StateTrace extends RefTrace with explicit state-bottlenecked reasoning for automated referee decision analysis. Where RefTrace uses a HistoryEncoder (Transformer over action/result pairs) to compress reasoning history, StateTrace introduces a typed state schema s_t = (E_t, V_t, R_t, C_t, D_t) that serves as a compact, verifiable bottleneck between each reasoning step. This enables deterministic per-transition verification, state-derived action masking, dense per-step reward signals, and a novel Stage III training loop.

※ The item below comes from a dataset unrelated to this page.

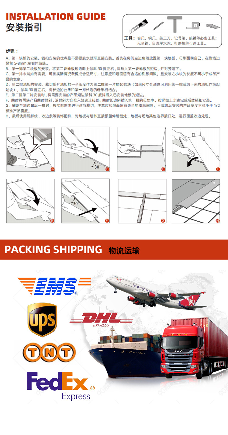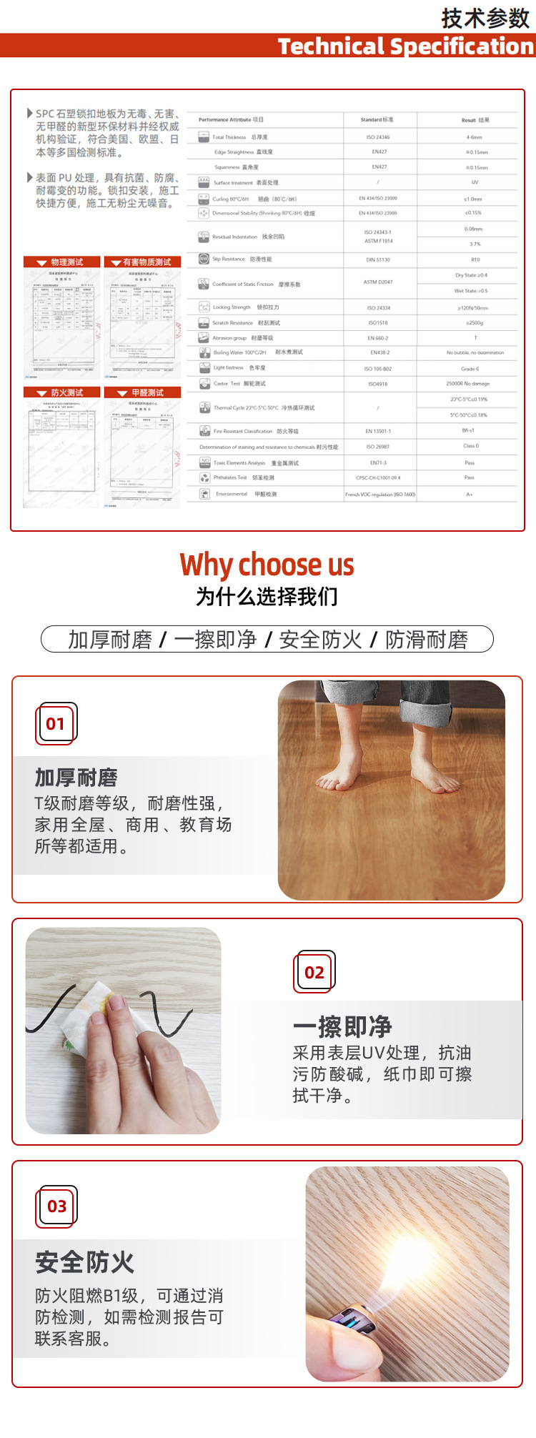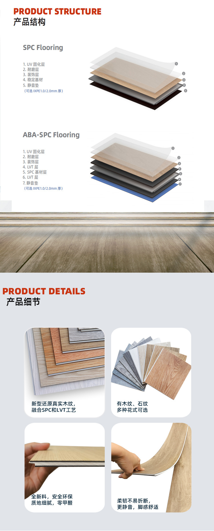 対外貿易SPC石塑性ロック床新研究開発三層構造複合静音床高級感商用家庭用

We validate on NFL broadcast video using the NFL-MH benchmark.

Key Results on NFL-MH-Core

Configuration	VTA	DA	TV	IAR
StateTrace-7B	74.8	90.1	96.3	2.1%
RefTrace-7B (baseline)	72.1	89.2	--	--
w/o Stage III (ablation)	73.2	89.8	91.7	5.4%
w/o action masking	72.9	89.5	88.2	8.9%

Architecture

---
config:
  layout: elk
  look: neo
  theme: neo
---
flowchart TB
    Q["<b>Query</b><br>(play description)"] --> QE
    Video["<b>Video Frames</b><br>[B, T, C, H, W]"] --> VLM

    subgraph Policy ["StateTracePolicy"]
        VLM["<b>QwenVLBackbone</b><br>Qwen3-VL-8B"] --> GE["<b>GraphEncoder</b><br>Heterogeneous GAT"]
        QE["<b>QueryEncoder</b><br>Sentence-T5"]
        SE["<b>StateEncoder</b><br>2-layer Transformer"]
        GE & QE & SE --> F["<b>FusionLayer</b>"]
        F --> AH["<b>ActionHead</b><br>+ action mask A(s_t)"]
    end

    subgraph Act ["Action Space"]
        direction LR
        A1["GET_RULE"] & A2["GET_STATE"] & A3["GET_EVENTS"]
        A4["GET_VIDEO"] & A5["VERIFY_TEMPORAL"] & A6["STOP"]
    end

    AH --> Act
    Act -->|"execute"| GSTH["<b>GSTH</b><br>Game-State Trace Hypergraph<br>4 node types · 6 edge types"]
    GSTH -->|"result"| UPD["<b>U_θ</b><br>State Update"]
    UPD -->|"s_{t+1}"| SE
    A6 -->|"decision"| D["<b>CALL_CORRECT · CALL_INCORRECT · NO_FOUL</b>"]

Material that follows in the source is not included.